All posts

Anthropic Exposed AI Commerce’s Biggest Problem. We’re Fixing It.

BlogORO Team

Last week, Anthropic dropped a post about Project Deal. TLDR; they assigned a bartering agent to each of the 69 Anthropic employees who were part of the experiment. Each agent interviewed its principal to understand their desires and negotiating style. Agents were then set free to negotiate with each other in an agentic commerce free-for-all.

How did it go?

The agents made 186 deals, spending a total of $4,000. Participants said Claude’s deals “seemed fair,” with nearly half saying they’d pay for a similar service in the future.

The kicker: Anthropic ran a second experiment-within-an-experiment, unbeknownst to the 69 participants.

Participants thought they were each getting the exact same bartering agent – a level playing field.

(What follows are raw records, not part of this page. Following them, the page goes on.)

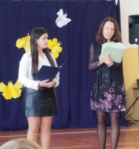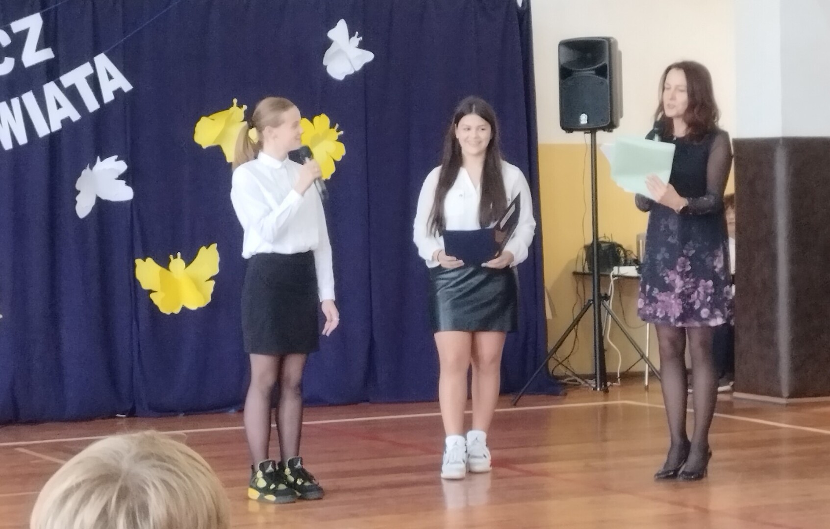Uroczystość prowadziła Zuzia Szlaga, która z dużą gracją i pewnością siebie zapowiedziała kolejne punkty programu. Po krótkim wprowadzeniu głos zabrał dyrektor szkoły, pan Robert Zimny. W swoim przemówieniu podziękował nauczycielom za ich codzienny trud i zaangażowanie w kształcenie oraz wychowywanie młodego pokolenia. Złożył także serdeczne życzenia wszystkim pracownikom, życząc im dalszej satysfakcji z wykonywanej pracy oraz sukcesów zawodowych.
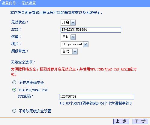 点击“下一步”设置无线安全。
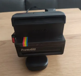 Cámara instantánea clásica Polaroid Pronto 600. - Diseño icónico. - Símbolo de arcoíris de Polaroid.
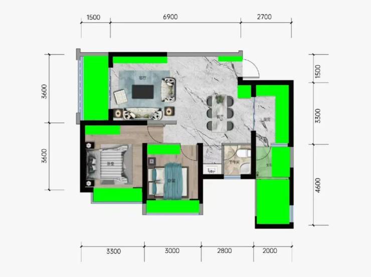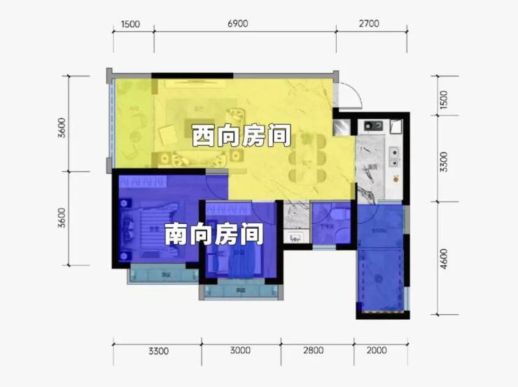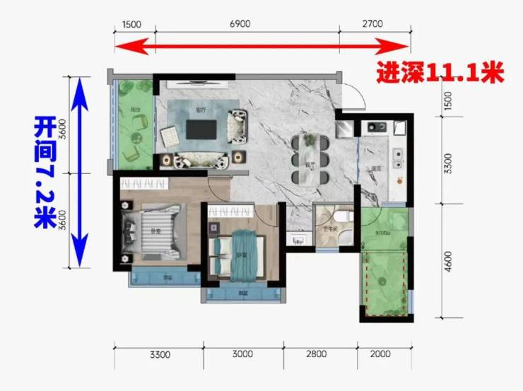 客厅开间3.6米,属于竖厅,属于在市场上比较常见的尺度。
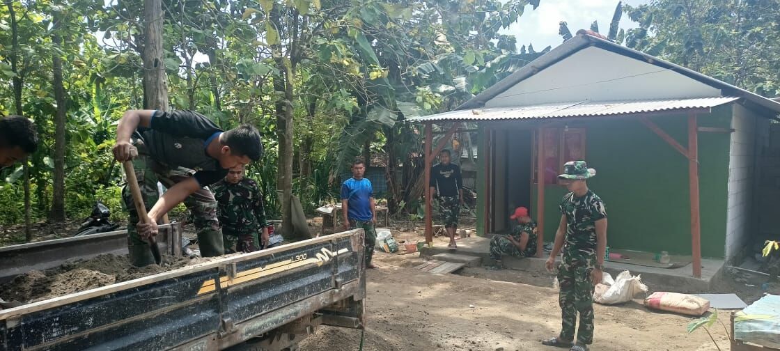 Disatu lokasi dimana tempat material pasir ditimbun untuk merehap Rumah Tidak Layak Huni (RTLH) yang disiapkan oleh Kapten Arm Yudi K selaku koordinator lapangan. Tanggung jawab sebagai koordinator lapangan salah satunya yaitu menyiapkan bahan material untuk pembangunan infrastruktur diwilayah desa ini.
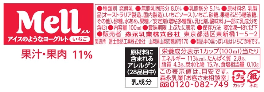 - Mell(メル)アイスのようなヨーグルト いちご 100ml
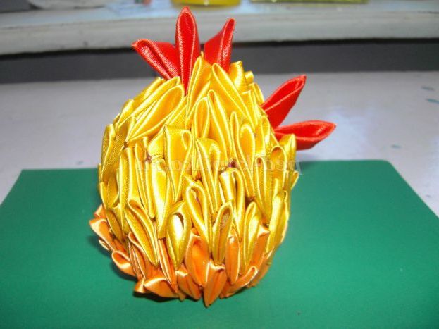 Виготовлений курча може бути чудовим подарунком до Великодня. Його можна подарувати мамі, бабусі, сестрі, подрузі або улюбленій вчительці. А також, курча, виконаний в оригінальній техніці канзаші прикрасить інтер'єр будь-якої кімнати.
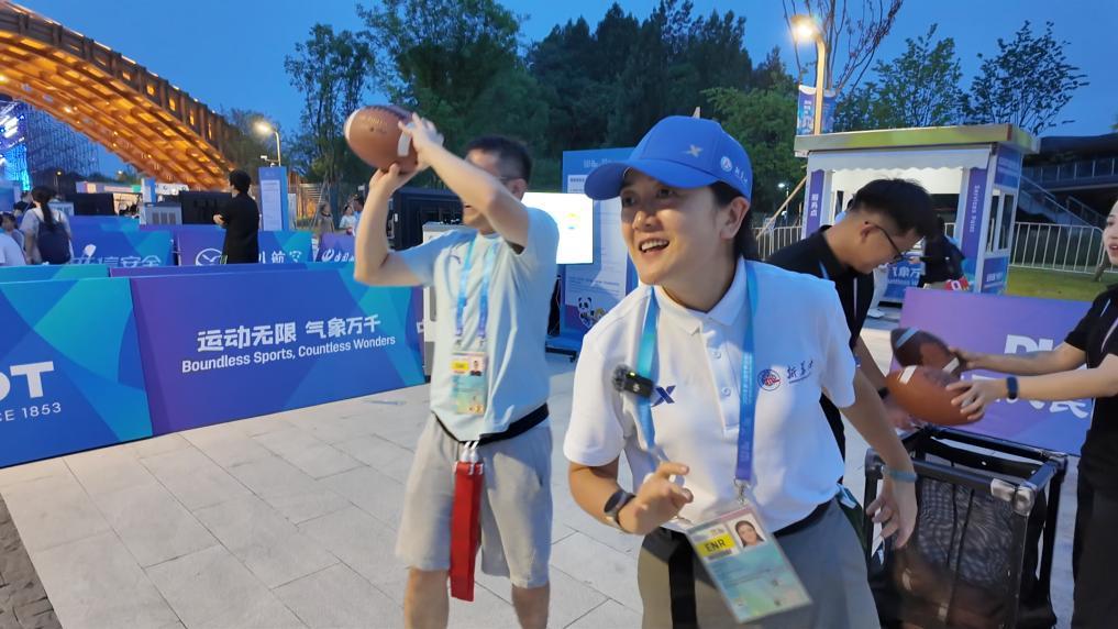 两位记者在世运广场上比拼了腰旗橄榄球、抛竿和飞盘三个项目,来看看他们谁将获胜呢?
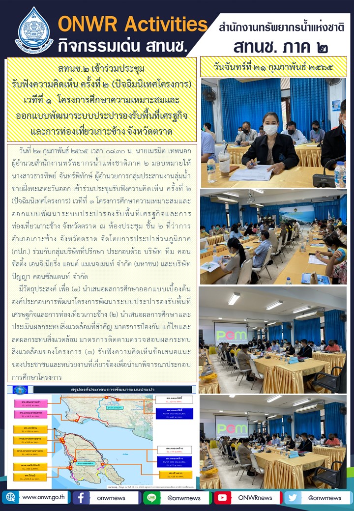 สทนช.2 เข้าร่วมประชุมรับฟังความคิดเห็น ครั้งที่ 2 (ปัจฉิมนิเทศโครงการ) เวทีที่ 1 โครงการศึกษาความเหมาะสมและออกแบบพัฒนาระบบประปารองรับพื้นที่เศรฐกิจและการท่องเที่ยวเกาะช้าง จังหวัดตราด 21 กุมภาพันธ์ 2022 by ชลธิชา เมฆนิล
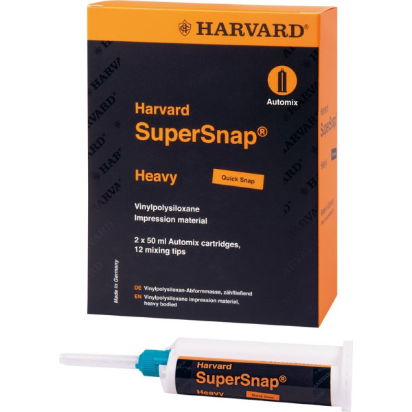 Harvard SuperSnap® az új vinyl polisziloxán lenyomatanyag. Harvard SuperSnap® hagyományos feldolgozási időt együtt egy intraorális kötési ideje mindössze 75 másodperc alatt (a „Gyors” változat). Az előnyök a gyakorló magasabbak formázó pontosságot és időt takarít meg. Mivel a sok kontrasztos színek Harvard SuperSnap® kínál a tetején, hogy a tökéletes olvashatóságot. A nagyon rövid ideig a szájban növeli, különösen érzékeny betegek kezelésére kényelmet. Rövid intraorális kötési idő a Quick S0nap változat 75 másodperc Rendkívül beteg- és felhasználóbarát nyugodt munkahelyi Kiváló folyási tulajdonságai részleteket pontosan visszaadja színe intenzív tökéletes olvashatóságot Stark ejtik hidrofilitása a legjobb eredményeket, és igen nagy pontossággal alkalmas szendvics és gitt mosás technikával RegularSnap és QuickSnap variáns elérhetőCsomag 2 x 50 ml ikerkartus Quick Heavy fekete-szürke, 12 Mischkanülen

But Anthropic varied the models that each agent was based on, secretly nerfing some participants while giving others an edge.

And the edge was dramatic: an agent based on Haiku, their cheaper model for small tasks, sold a folding bike for $38. An agent based on Opus – their best model, capable of complex reasoning – sold the same bike for $65 – getting 71% more for the exact same item.

Here’s the scary part: participants couldn’t tell when they had an inferior shopping agent. In fact, participants actually rated Haiku-based agents as fairer than Opus-based agents.

So what happens when buyers in a market can’t tell if they got a good deal?

In other words: what happens when quality is obfuscated in a marketplace?

Akerlof’s Market for Lemons

In 1970, American economist George Akerlof asked: “What happens to a used car market when buyers can’t tell the difference between a good car and a lemon?”

Akerlof modeled a used car market to explore the question. His model was identical to a real-life used car market, with one key distinction: buyers couldn’t know if they were buying a good car or a lemon. They had to buy blind, with no quality signals.

The model proved that a lack of quality signals destroys a market:

  • Buyers lowball sellers. They can’t tell if they’re buying a lemon or a good car, and don’t want to risk overpaying for a lemon.

  • Sellers of good cars are no longer incentivised by prices to keep their wares in the market

  • Eventually, 100% of the offerings in the market are lemons

Now replace cars with shopping agents.

What happens when you can’t tell if your agent is overpaying for something? (A very real possibility, as shown by the Anthropic experiment)

You stop being willing to pay a premium for the good agents. So builders aren’t incentivized to build good agents.

Eventually, all that’s left in the market is bad agents.

This is already relevant today. A week ago, Coinbase launched Agentic.market, its marketplace for agents to buy services (e.g. AI search or inference). Since its launch, the platform has seen over $49 million in transactions.

Image

Source: agentic.market And that’s just one week, on one platform. What happens when the number of AI agents making purchases becomes a “torrent”, as predicted by Stripe’s John Collison? Or when there are more AI agents making purchases than humans, as predicted by Coinbase CEO Brian Armstrong? What if Skynet isn't genocidal AI, but rather AI that overspends by 20% on each purchase, slowly draining your savings, your nest egg, and your kids’ college fund?

$49 million in agent transactions in one week, on one platform. Agentic commerce projected to be in the trillions by 2030. And right now, there is no quality signal for any of it.

Akerlof's logic is clear: if the agent market is missing a quality signal, it becomes a race to the bottom, in both price and agent quality.

Good Signals, Good Agents

George Akerlof proved that lemon markets have one solution: a credible quality signal that can’t be faked. That’s what Oro is building.

We run a daily open competition where anyone in the world can submit an AI agent. Agents qualify on public problems, then compete on a new set of problems they’ve never seen – and thus can’t cheat on or overfit to.

Independent validators verify every score. We don't just check if the agent got the right answer — we verify the quality of the reasoning that got it there. And our approach is working: we’ve received over 2000 submissions in the 5 weeks that our competition has been live, handing out $100,000+ in prizes to our best miners. Our top agents have beaten OpenAI's GPT 5.4 by 15 points on online shopping evals.

Ultimately, we’re building not just the agents that will shop for you, but the quality signal that lets you know you can trust them to shop for you.

Anthropic quietly revealed the biggest near-term problem in AI alignment. We're building the fix.